А та уже нашла новое развлечение:

– Клитемнестра, Агамемнон так редко бывает дома?

– Почему редко?

– Я говорила ему о том, что ваш мегарон нужно переделать, роспись на стенах устарела. Менелай, чтобы мне угодить, отделывает наш мегарон заново, пока я тут гощу у тебя…

Сестры вполне друг дружки стоили, Клитемнестра улыбнулась:

– Агамемнон много времени проводит дома, а если и не внял твоим словам, то только потому, что считает их глупыми.

Со стороны могло показаться, что беседуют не просто сестры, а обожающие друг дружку подруги, но служанки все равно слышали змеиное шипение и видели лужи яда, разливающиеся по полу гинекея. Яд грозил затопить округу.

– Дорогая, жаль, что мама не объяснила тебе, что демонстрировать свой ум для женщины вовсе не желательно, достаточно красоты, а вот хитрость и сообразительность лучше прятать от посторонних взглядов. Хотя… если нет первого, то приходится делать усилия, чтобы хоть изображать второе…

Клитемнестре очень хотелось хоть чем-то уколоть сестру, она не выдержала:

– Тебя совсем не интересует как живет твоя дочь?

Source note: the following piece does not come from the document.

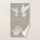 This beautifully elegant Thanksgiving hand towel is designed with hand-painted watercolor fall pumpkins and a white dove of peace in flight holding an olive branch.
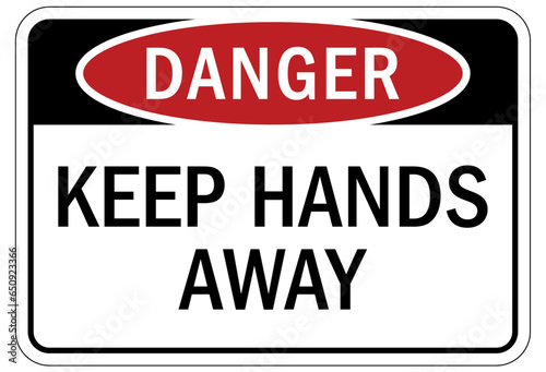 Keep hands clear warning sign and labels keep hands away

– Моя дочь? У меня три сына. – Она не позволила сестре сказать еще что-то, уставилась прямо в глаза: – А если ты о той… хочешь, чтобы я сказала правду Агамемнону? Согласна. У тебя нет детей, а у меня трое… четверо.

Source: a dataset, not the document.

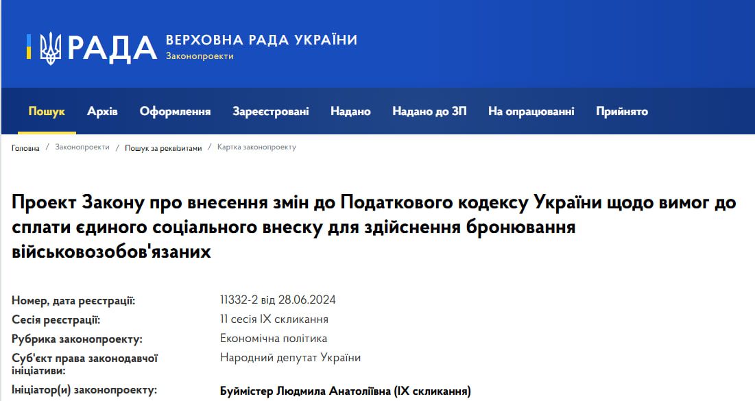 Перший законопроєкт - про внесення змін до Податкового кодексу України щодо вимог до сплати єдиного соціального внеску для здійснення бронювання військовозобов'язаних - опублікований 28 червня. Передбачає в основному:
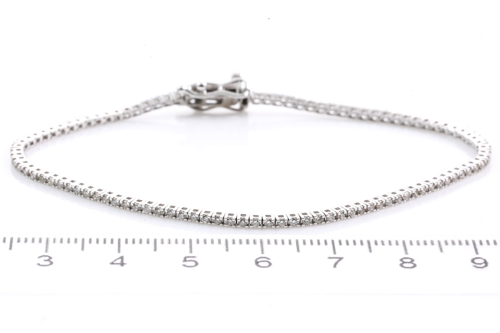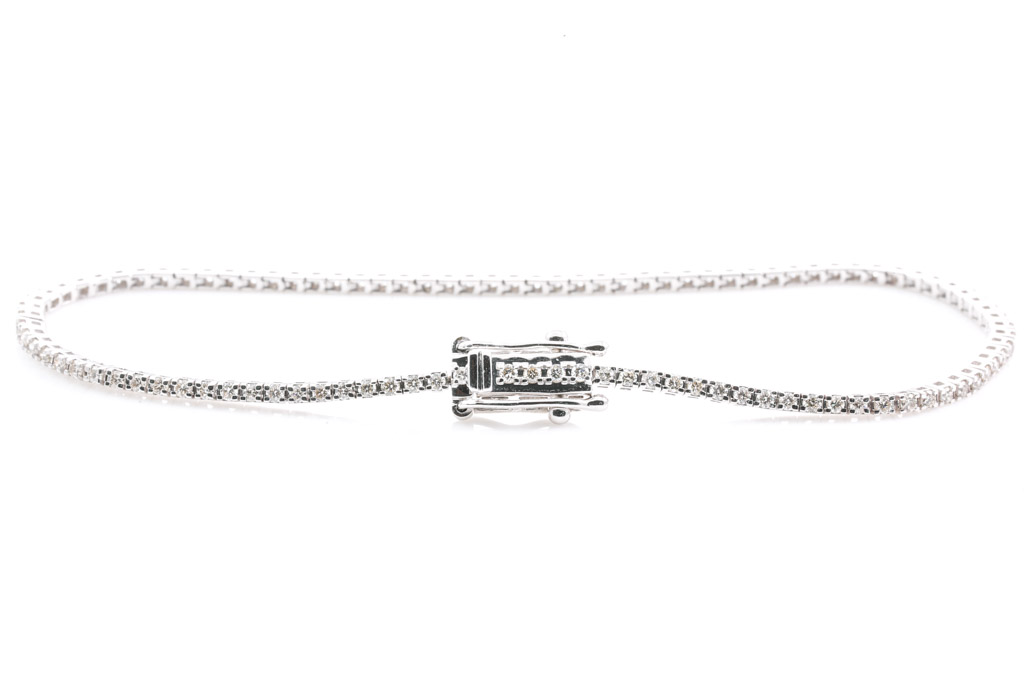 Diamond tennis bracelet with 102 round Diamonds totalling 1.05cts (Estimated grading: I-J SI). 14ct white gold. Length: 18.5cm. Weight: 5.0g. (New)

Это было жестокой правдой, Елена родила после первой девочки троих сыновей одного за другим, и всякий раз, слыша такое известие, Агамемнон скрипел зубами, потому что у Клитемнестры дети не донашивались совсем. Потому, кроме старшей Ифигении, пока никого не было.

На глазах у Клитемнестры появились слезы, видно, это смягчило Елену, все же та не была совершенной стервой, и судьба сестры ей небезразлична. Если бы старшая сестра безоговорочно принимала ее главенство, признавала самой красивой, самой удачливой, самой обожаемой мужчинами, то она, пожалуй, и не вредничала бы.

– У тебя будут дети, Клитемнестра, будут.

Та кивнула:

– Я беременна.

– И я.

– Снова?!

Елена только пожала плечами.

Но благостного настроения Елене хватило ненадолго.

Пока Елена критиковала все, что только можно в Микенах, в Спарте скульпторы сначала старательно очищали стены от старой росписи, а потом готовили к новой.

На сей раз всем распоряжался Фигебрий. Работа предстояла немалая, но торопиться нельзя, есть то, после чего стены должны обязательно выстоять и хорошо высохнуть, иначе роспись быстро начнет облезать и все придется начинать заново.

Сначала со стен сняли прежние слои, выровняли, потом поверхность покрыли слоем желтой глины, смешанной с рубленой соломой, снова старательно выровняли. Теперь можно было приступить к штукатурке. Ее осторожно накладывали слой за слоем, тонко, но ровно, и каждый тщательно выглаживали мраморным лощилом, чтобы не осталось ни малейшей выбоинки или царапинки.

Убедившись, что все ровно, Фигебрий распорядился закрыть мегарон на просушку. На первый взгляд уже через несколько дней было вполне сухо, Менелай даже удивился, почему не продолжают работу? Художник отчаянно замотал головой:

– Нельзя, никак нельзя! Стены должны сохнуть не меньше месяца!

Менелай вздохнул: а если Елене надоест в Микенах раньше? Придется везти красавицу еще куда-нибудь…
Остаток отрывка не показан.